Task statement> Using the listing below, output only the lines from the one that contains "После долгих поисков, я" through the one that contains "Nach unten hin", inclusive, exactly as given and without images.

Material for this exercise>

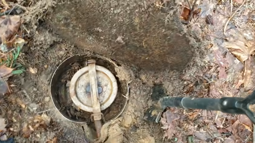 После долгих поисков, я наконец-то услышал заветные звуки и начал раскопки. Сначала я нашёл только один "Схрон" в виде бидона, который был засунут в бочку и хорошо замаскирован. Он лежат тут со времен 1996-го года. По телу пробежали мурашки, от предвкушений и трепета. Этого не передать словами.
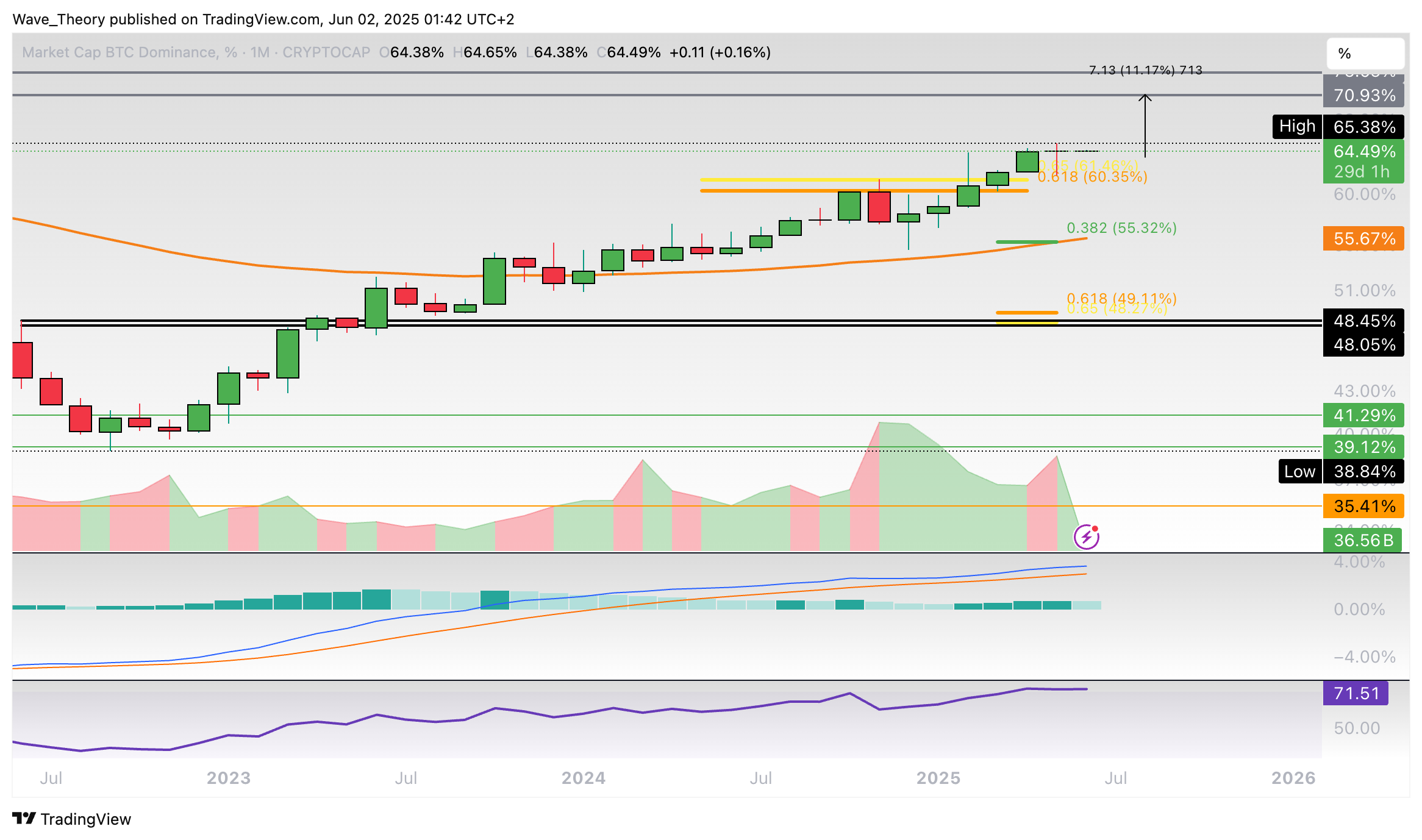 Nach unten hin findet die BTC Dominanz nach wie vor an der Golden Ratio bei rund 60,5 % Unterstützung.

==

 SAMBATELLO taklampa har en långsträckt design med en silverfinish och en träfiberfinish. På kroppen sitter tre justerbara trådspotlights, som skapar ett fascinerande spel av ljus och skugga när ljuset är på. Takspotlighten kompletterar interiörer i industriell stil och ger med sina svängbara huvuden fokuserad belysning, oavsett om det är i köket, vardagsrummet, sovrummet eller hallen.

Output of the exercise>
 После долгих поисков, я наконец-то услышал заветные звуки и начал раскопки. Сначала я нашёл только один "Схрон" в виде бидона, который был засунут в бочку и хорошо замаскирован. Он лежат тут со времен 1996-го года. По телу пробежали мурашки, от предвкушений и трепета. Этого не передать словами.
 Nach unten hin findet die BTC Dominanz nach wie vor an der Golden Ratio bei rund 60,5 % Unterstützung.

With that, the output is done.